If you are using App Service Authentication (EasyAuth), according to Microsoft documentation page:
App Service passes some user information to your application by using special headers. External requests prohibit these headers and will only be present if set by App Service Authentication / Authorization. Some example headers include:
X-MS-CLIENT-PRINCIPAL-NAME
X-MS-CLIENT-PRINCIPAL-ID
X-MS-TOKEN-FACEBOOK-ACCESS-TOKEN
X-MS-TOKEN-FACEBOOK-EXPIRES-ON
Code that is written in any language or framework can get the information that it needs from these headers. For ASP.NET 4.6 apps, the ClaimsPrincipal is automatically set with the appropriate values.

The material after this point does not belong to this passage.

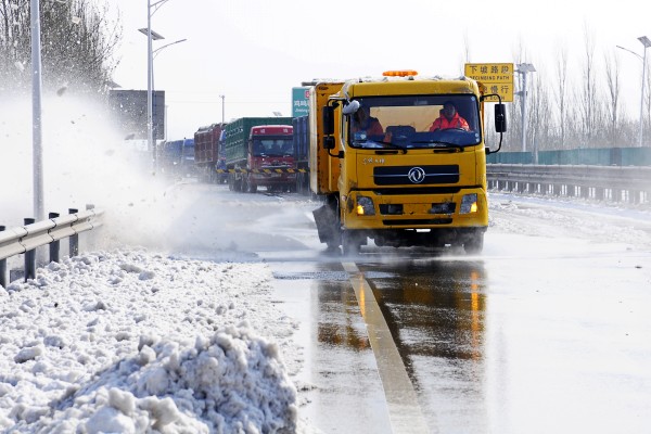 5日上午,公司接到上級(jí)電話通知和省廳轉(zhuǎn)發(fā)的北京市交通安全應(yīng)急指揮部《關(guān)于共同開展京藏高速公路搶通保暢工作的緊急函》,按照領(lǐng)導(dǎo)批示,公司投入全部養(yǎng)護(hù)人員,并動(dòng)用協(xié)作單位力量,最大限度加大除雪力度,加快處置京張路段積雪,確保在八達(dá)嶺路段的擁堵車輛及時(shí)駛離北京,有效緩解了北京市的交通壓力。當(dāng)晚,為防止路面結(jié)冰,公司又派出融雪劑噴灑車上路進(jìn)行了補(bǔ)充作業(yè)。

So basically, if you are using ASP.NET Core 2.0, you need to set the ClaimPrincipal manually. What you need to use in order to fetch this headers and set the ClaimsPrincipal is AuthenticationHandler
public class AppServiceAuthenticationOptions : AuthenticationSchemeOptions
{
public AppServiceAuthenticationOptions()
{
}
}
internal class AppServiceAuthenticationHandler : AuthenticationHandler<AppServiceAuthenticationOptions>
{
public AppServiceAuthenticationHandler(
IOptionsMonitor<AppServiceAuthenticationOptions> options,
ILoggerFactory logger,
UrlEncoder encoder,
ISystemClock clock) : base(options, logger, encoder, clock)
{
}
protected override Task<AuthenticateResult> HandleAuthenticateAsync()
{
return Task.FromResult(FetchAuthDetailsFromHeaders());
}
private AuthenticateResult FetchAuthDetailsFromHeaders()
{
Logger.LogInformation("starting authentication handler for app service authentication");
if (Context.User == null || Context.User.Identity == null || Context.User.Identity.IsAuthenticated == false)
{
Logger.LogDebug("identity not found, attempting to fetch from the request headers");
if (Context.Request.Headers.ContainsKey("X-MS-CLIENT-PRINCIPAL-ID"))
{
var headerId = Context.Request.Headers["X-MS-CLIENT-PRINCIPAL-ID"][0];
var headerName = Context.Request.Headers["X-MS-CLIENT-PRINCIPAL-NAME"][0];
var claims = new Claim[] {
new Claim("http://schemas.microsoft.com/identity/claims/objectidentifier", headerId),
new Claim("name", headerName)
};
Logger.LogDebug($"Populating claims with id: {headerId} | name: {headerName}");
var identity = new GenericIdentity(headerName);
identity.AddClaims(claims);
var principal = new GenericPrincipal(identity, null);
var ticket = new AuthenticationTicket(principal,
new AuthenticationProperties(),
Scheme.Name);
Context.User = principal;
return AuthenticateResult.Success(ticket);
}
else
{
return AuthenticateResult.Fail("Could not found the X-MS-CLIENT-PRINCIPAL-ID key in the headers");
}
}
Logger.LogInformation("identity already set, skipping middleware");
return AuthenticateResult.NoResult();
}
}
You can then write an extension method for the middleware
public static class AppServiceAuthExtensions
{
public static AuthenticationBuilder AddAppServiceAuthentication(this AuthenticationBuilder builder, Action<AppServiceAuthenticationOptions> configureOptions)
{
return builder.AddScheme<AppServiceAuthenticationOptions, AppServiceAuthenticationHandler>("AppServiceAuth", "Azure App Service EasyAuth", configureOptions);
}
}
And add app.UseAuthentication(); in the Configure() method and put following in the ConfigureServices() method of your startup class.
services
.AddAuthentication(options =>
{
options.DefaultAuthenticateScheme = "AppServiceAuth";
options.DefaultChallengeScheme = "AppServiceAuth";
})
.AddAppServiceAuthentication(o => { });
If you need full claims details, you can retrieve it on the AuthenticationHandler by making request to /.auth/me and use the same cookies that you've received on the request.